_WHAT THIS TASK INVOLVES:_
Exclude any images and output the remaining records exactly.

_DATA FOR THIS TASK:_

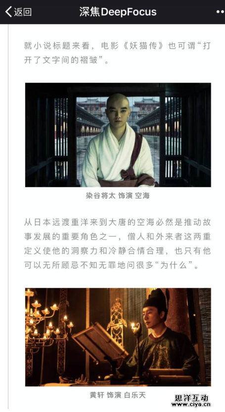 比如“深焦DeepFocus”评论今天刚上映的《妖猫传》,会讲解黑猫如何通过伸腰弓背等肢体语言表达“妖气”,俯拍窥视镜头制造紧张气氛,以及还原场面打造盛世的背后故事等,充满了理性解析。
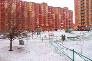 Придомовая территория благоустроена: здесь расположен ухоженный двор с детской площадкой, зелеными зонами и достаточным количеством парковочных мест.
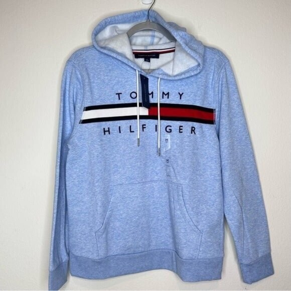 Organic cotton blend flex fleece Drawstring hooded neck Rib-knit cuffs and hem Tommy Hilfiger logo on front 60% Cotton - 40% Polyester Size Medium Measurements in Pictures. NWT A
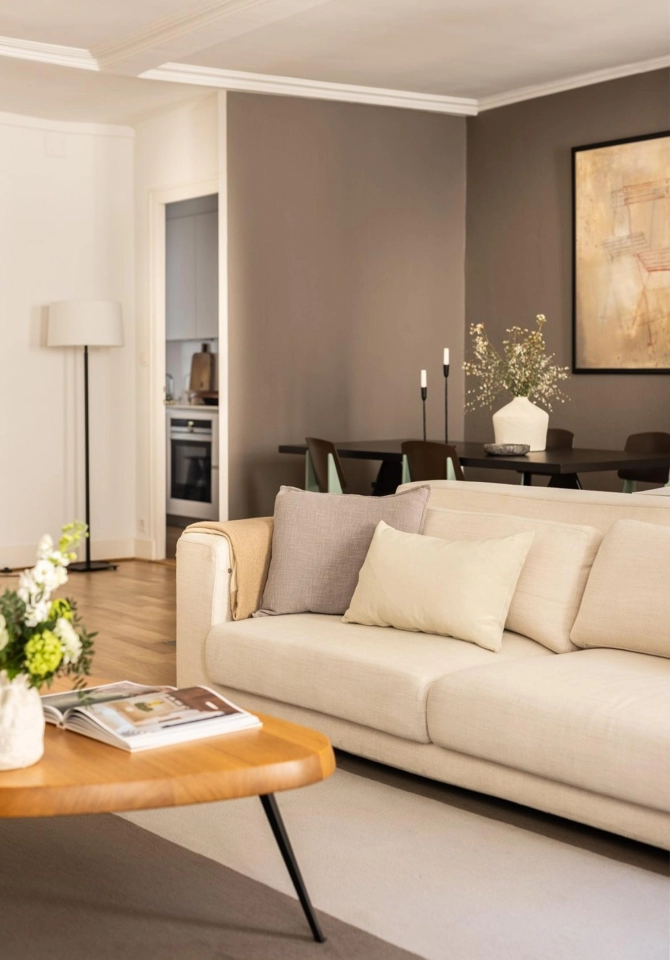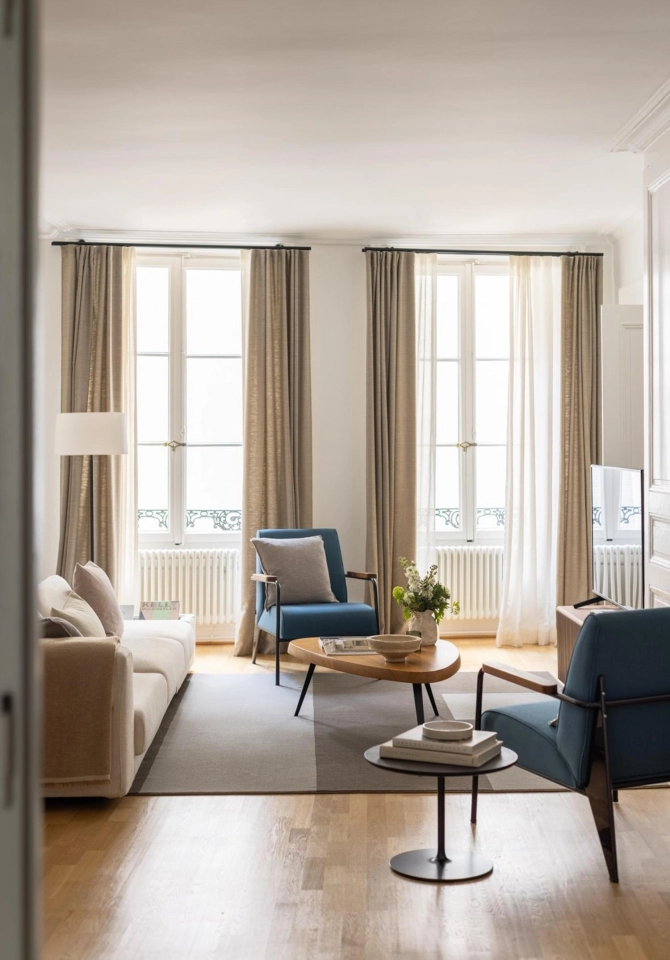 Magnificent Haussmanian style apartment with high ceilings and period fireplace. The building dates from the 18th century.
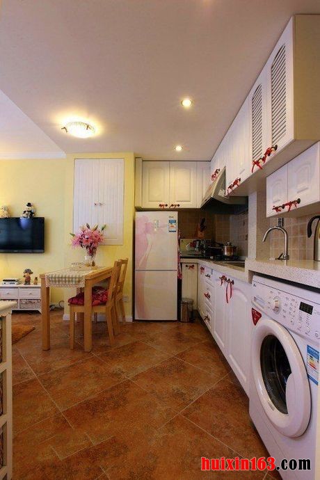 本案所示是安徽省合肥市天一大厦————天天公寓46平米一居室田园风格装修效果图,预算约为1万,工程类型为半包。此套设计的整体基调为米黄色,暖色调的总体协调使得整个案例彰显温馨舒适的居家美感格外强烈,与其它田园风格的装修案例不太一样的地方在于,此案例的色彩较为丰富多彩,在具体操作过程中,也使用了较多的手段进行整体气氛的掌控。设计师巧妙的运用了这些色彩的合理搭配,以及层次鲜明的格局划分,虽然只有一居室的空间,但是经过设计师周密布局,案例从效果上看来没有丝毫的拥挤和狭小,相反,更加让人觉得清新亮丽、自然可爱。开放式厨房的打造,充分的利用了空间。碎花布艺沙发配合复古砖和黄色的墙面,暖间将整个田园风情的气质表现的淋漓尽致。
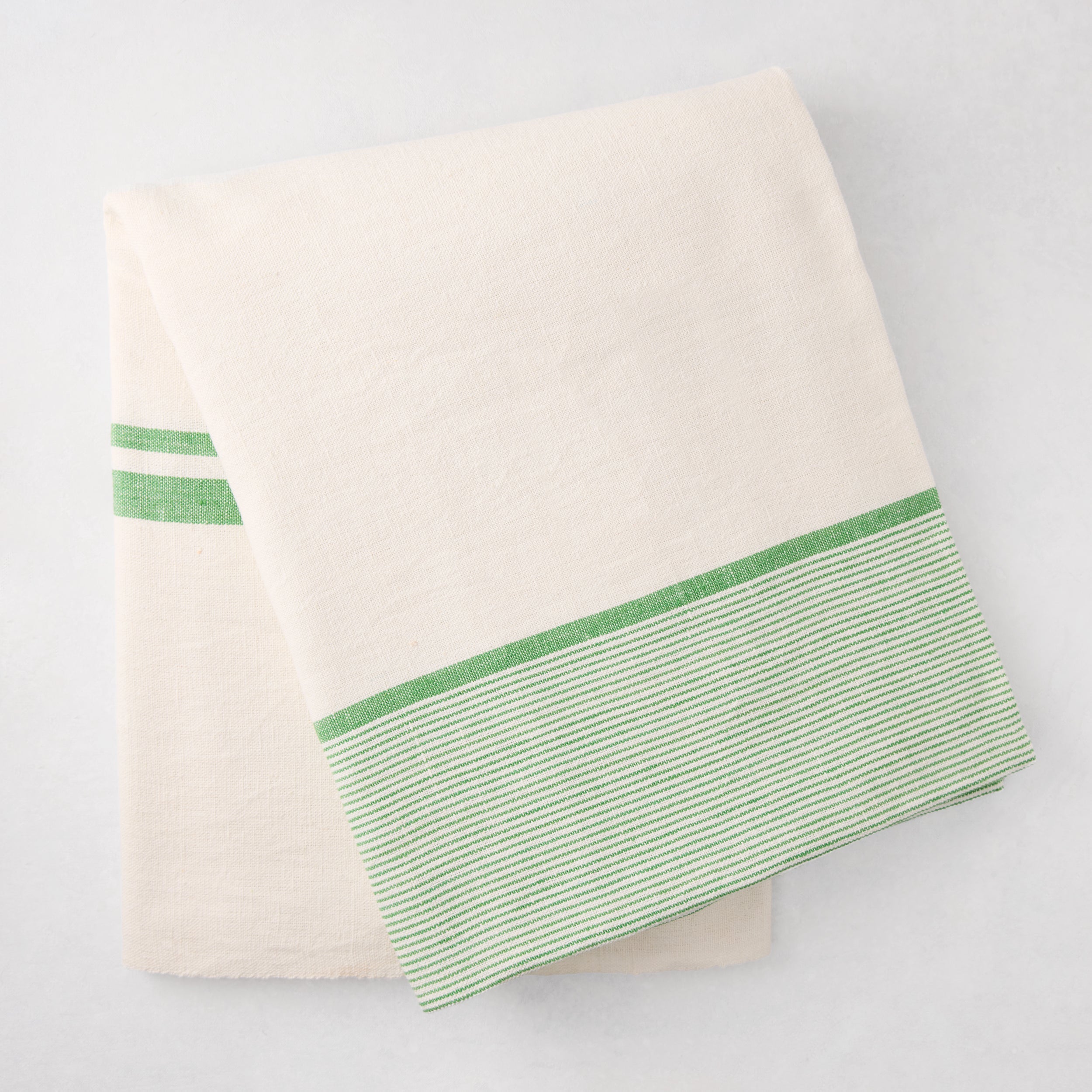 Make every meal feel like you're on a yacht with the Boat Stripe Tablecloth in Green. Featuring a print inspired by boat interiors, this tablecloth can turn any table setting into a trip across the water. Woven from a blend of washed cotton and linen, this tablecloth will drape easily over any table.
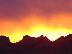 Terrett Butte, also called the Turret Buttes, are a prominent landmark on the east side of the Powder River in south-central Powder River County, Montana. They are better known today as the Turret Buttes because of their resemblance to a castle or gun turret.
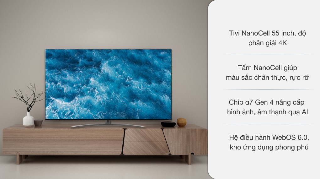 Tivi NanoCell sử dụng các hạt nano, công nghệ nano đặc biệt của riêng LG, giúp lọc, tinh chỉnh màu sắc, loại bỏ các tín hiệu gây nhiễu khỏi các bước sóng RGB. Đặc biệt, Tivi được thiết kế chân đỡ Gallery cho phép bạn đặt để mọi điểm, tô vẽ thêm không gian ngôi nhà bạn.

_TASK RESULT:_
 比如“深焦DeepFocus”评论今天刚上映的《妖猫传》,会讲解黑猫如何通过伸腰弓背等肢体语言表达“妖气”,俯拍窥视镜头制造紧张气氛,以及还原场面打造盛世的背后故事等,充满了理性解析。
 Придомовая территория благоустроена: здесь расположен ухоженный двор с детской площадкой, зелеными зонами и достаточным количеством парковочных мест.
 Organic cotton blend flex fleece Drawstring hooded neck Rib-knit cuffs and hem Tommy Hilfiger logo on front 60% Cotton - 40% Polyester Size Medium Measurements in Pictures. NWT A
 Magnificent Haussmanian style apartment with high ceilings and period fireplace. The building dates from the 18th century.
 本案所示是安徽省合肥市天一大厦————天天公寓46平米一居室田园风格装修效果图,预算约为1万,工程类型为半包。此套设计的整体基调为米黄色,暖色调的总体协调使得整个案例彰显温馨舒适的居家美感格外强烈,与其它田园风格的装修案例不太一样的地方在于,此案例的色彩较为丰富多彩,在具体操作过程中,也使用了较多的手段进行整体气氛的掌控。设计师巧妙的运用了这些色彩的合理搭配,以及层次鲜明的格局划分,虽然只有一居室的空间,但是经过设计师周密布局,案例从效果上看来没有丝毫的拥挤和狭小,相反,更加让人觉得清新亮丽、自然可爱。开放式厨房的打造,充分的利用了空间。碎花布艺沙发配合复古砖和黄色的墙面,暖间将整个田园风情的气质表现的淋漓尽致。
 Make every meal feel like you're on a yacht with the Boat Stripe Tablecloth in Green. Featuring a print inspired by boat interiors, this tablecloth can turn any table setting into a trip across the water. Woven from a blend of washed cotton and linen, this tablecloth will drape easily over any table.
 Terrett Butte, also called the Turret Buttes, are a prominent landmark on the east side of the Powder River in south-central Powder River County, Montana. They are better known today as the Turret Buttes because of their resemblance to a castle or gun turret.
 Tivi NanoCell sử dụng các hạt nano, công nghệ nano đặc biệt của riêng LG, giúp lọc, tinh chỉnh màu sắc, loại bỏ các tín hiệu gây nhiễu khỏi các bước sóng RGB. Đặc biệt, Tivi được thiết kế chân đỡ Gallery cho phép bạn đặt để mọi điểm, tô vẽ thêm không gian ngôi nhà bạn.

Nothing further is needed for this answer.